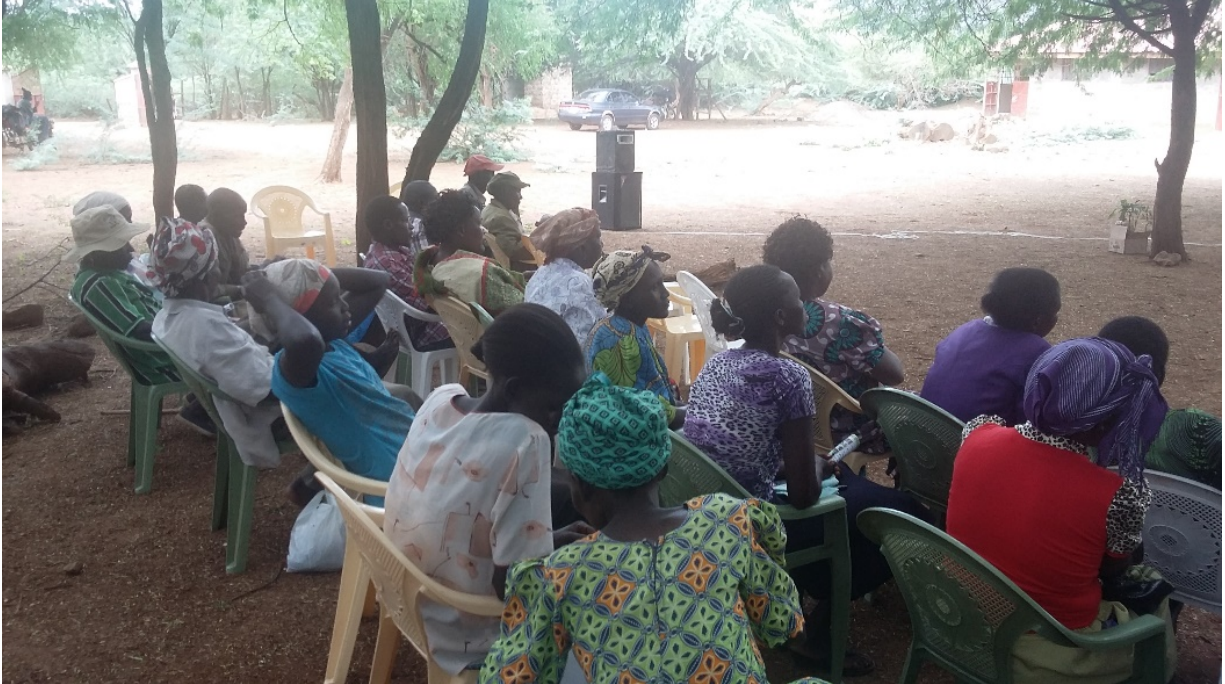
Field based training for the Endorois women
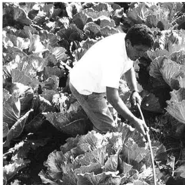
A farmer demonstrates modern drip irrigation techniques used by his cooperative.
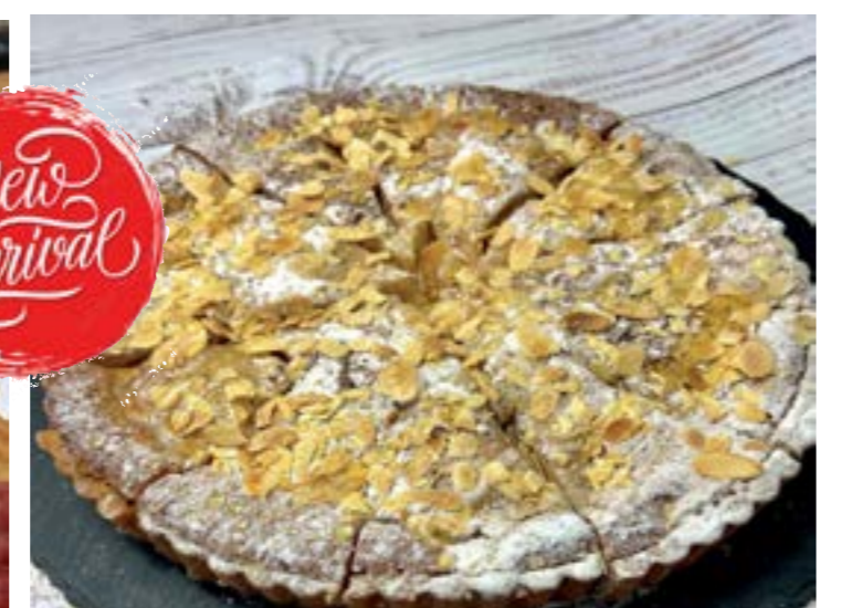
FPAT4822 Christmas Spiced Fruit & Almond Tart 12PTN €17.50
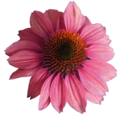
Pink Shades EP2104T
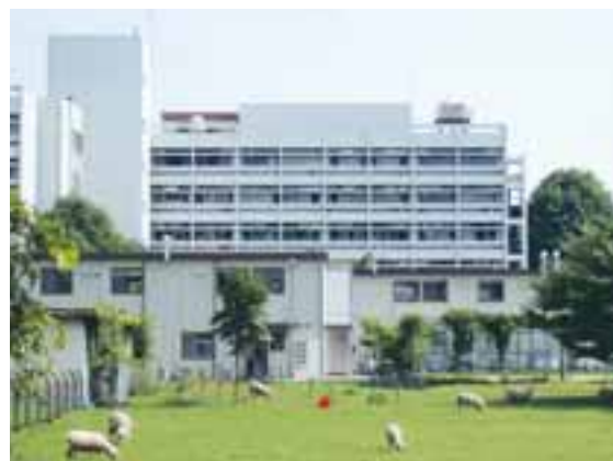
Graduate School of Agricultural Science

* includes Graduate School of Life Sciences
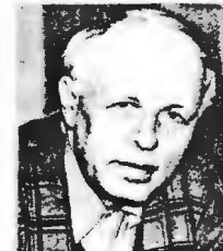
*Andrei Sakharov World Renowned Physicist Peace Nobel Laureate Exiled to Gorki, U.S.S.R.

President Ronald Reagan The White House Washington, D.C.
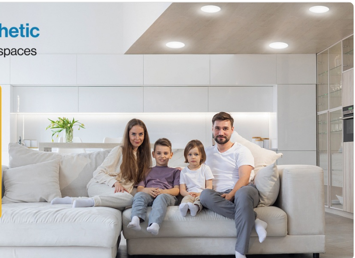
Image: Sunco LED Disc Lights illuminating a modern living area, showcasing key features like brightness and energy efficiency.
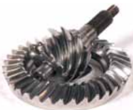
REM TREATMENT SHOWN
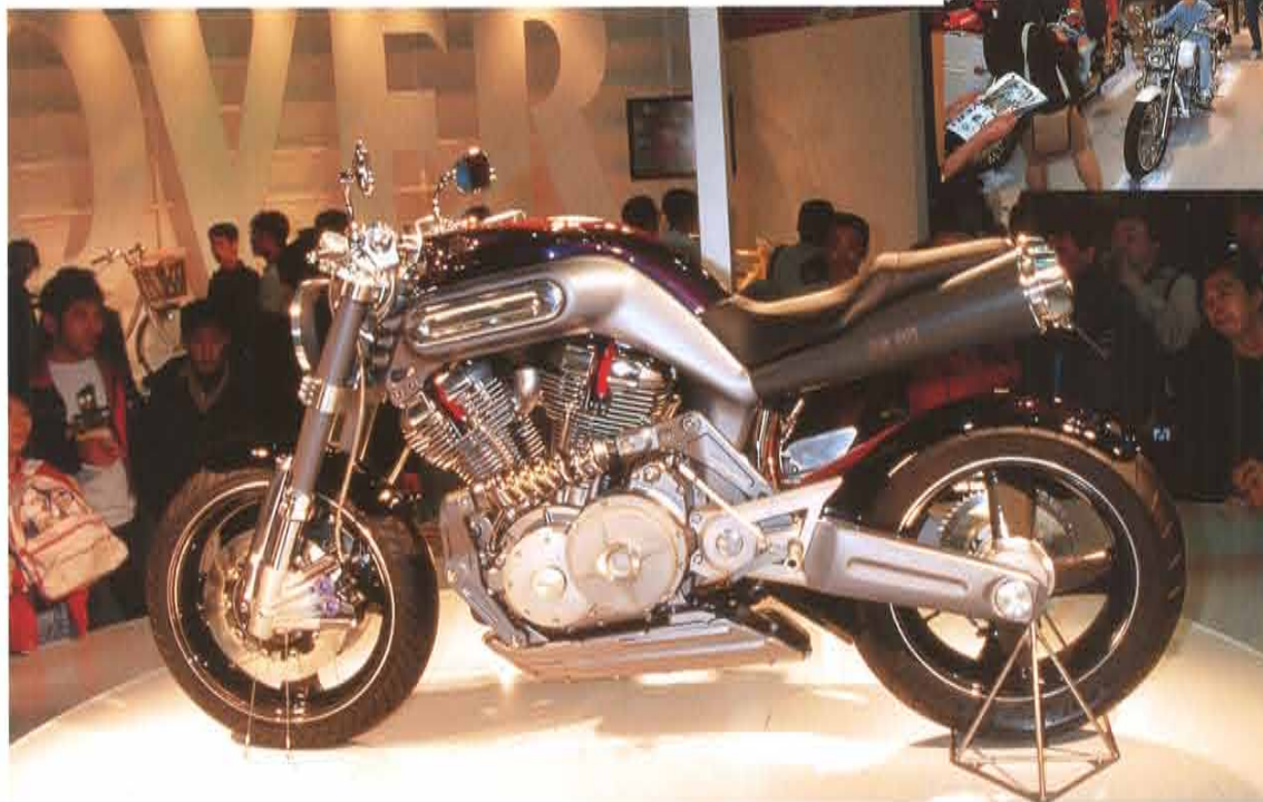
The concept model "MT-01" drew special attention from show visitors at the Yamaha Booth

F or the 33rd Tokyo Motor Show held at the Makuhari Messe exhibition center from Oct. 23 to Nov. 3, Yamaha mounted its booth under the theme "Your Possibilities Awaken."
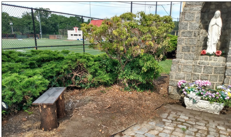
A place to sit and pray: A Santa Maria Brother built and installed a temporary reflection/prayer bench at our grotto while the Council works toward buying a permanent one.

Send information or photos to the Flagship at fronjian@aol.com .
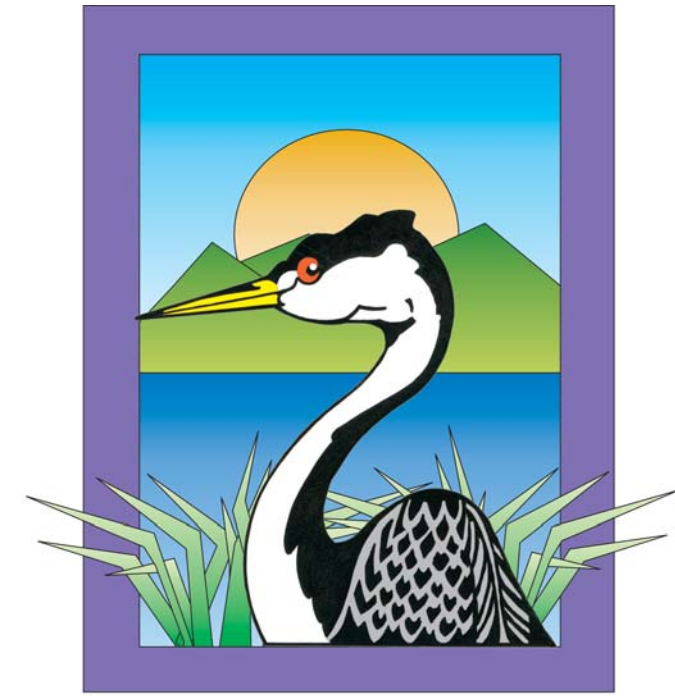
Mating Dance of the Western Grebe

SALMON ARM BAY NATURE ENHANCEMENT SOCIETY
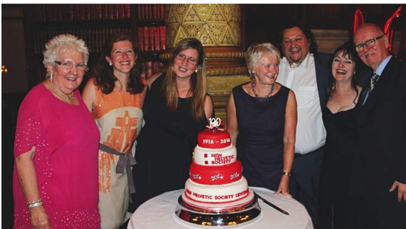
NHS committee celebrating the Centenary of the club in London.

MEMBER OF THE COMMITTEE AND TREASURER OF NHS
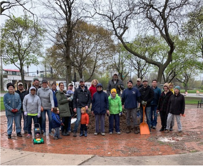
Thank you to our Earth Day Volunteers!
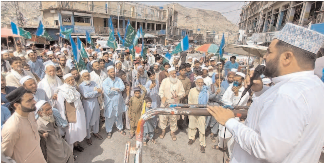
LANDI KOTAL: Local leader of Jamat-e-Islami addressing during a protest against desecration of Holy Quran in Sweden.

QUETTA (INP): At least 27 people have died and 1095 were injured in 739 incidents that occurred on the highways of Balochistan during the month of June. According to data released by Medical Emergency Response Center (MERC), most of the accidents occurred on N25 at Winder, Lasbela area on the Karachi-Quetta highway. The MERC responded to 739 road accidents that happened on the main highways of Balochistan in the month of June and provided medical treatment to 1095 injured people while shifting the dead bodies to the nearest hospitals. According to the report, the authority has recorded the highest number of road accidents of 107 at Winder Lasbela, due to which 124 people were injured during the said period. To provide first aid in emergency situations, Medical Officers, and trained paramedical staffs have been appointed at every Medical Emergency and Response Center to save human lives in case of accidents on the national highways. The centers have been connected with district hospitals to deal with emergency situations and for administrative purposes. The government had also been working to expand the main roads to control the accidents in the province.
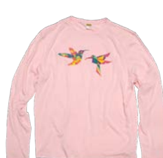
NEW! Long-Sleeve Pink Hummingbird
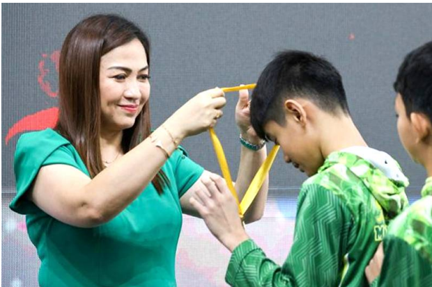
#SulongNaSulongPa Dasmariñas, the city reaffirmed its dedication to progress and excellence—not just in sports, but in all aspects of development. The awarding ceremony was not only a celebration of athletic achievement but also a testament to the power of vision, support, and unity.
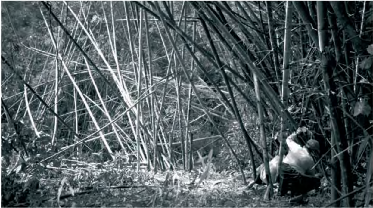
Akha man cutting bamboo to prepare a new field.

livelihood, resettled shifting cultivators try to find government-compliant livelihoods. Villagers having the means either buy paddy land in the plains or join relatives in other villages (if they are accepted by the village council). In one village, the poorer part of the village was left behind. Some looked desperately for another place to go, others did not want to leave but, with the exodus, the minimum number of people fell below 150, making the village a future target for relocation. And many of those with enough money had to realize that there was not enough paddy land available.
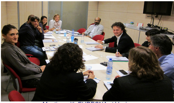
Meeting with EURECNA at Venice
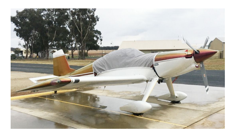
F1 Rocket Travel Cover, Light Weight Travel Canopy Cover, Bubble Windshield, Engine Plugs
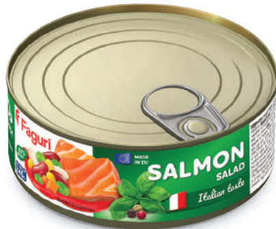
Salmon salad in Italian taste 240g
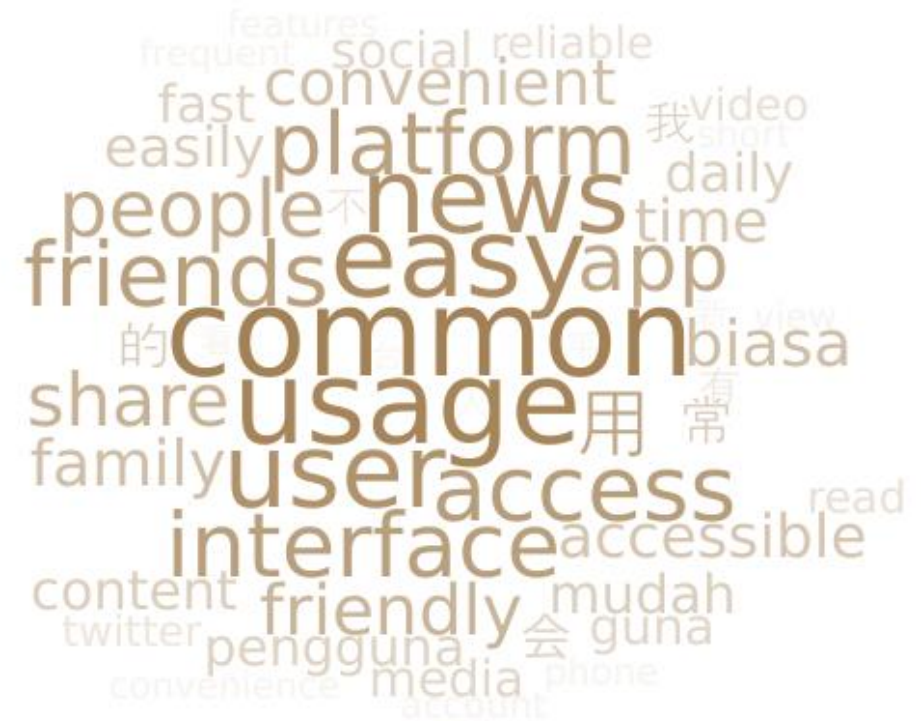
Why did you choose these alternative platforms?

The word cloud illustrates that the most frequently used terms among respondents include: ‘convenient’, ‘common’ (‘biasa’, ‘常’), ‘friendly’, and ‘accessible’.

+===+

- [Instructions to follow]
All that should appear in the answer is the lines above from the line with "of Life Sciences" through the line with "The concept model", retyped exactly, pictures left out.

- [Reply]
* includes Graduate School of Life Sciences
*Andrei Sakharov World Renowned Physicist Peace Nobel Laureate Exiled to Gorki, U.S.S.R.

President Ronald Reagan The White House Washington, D.C.
Image: Sunco LED Disc Lights illuminating a modern living area, showcasing key features like brightness and energy efficiency.
REM TREATMENT SHOWN
The concept model "MT-01" drew special attention from show visitors at the Yamaha Booth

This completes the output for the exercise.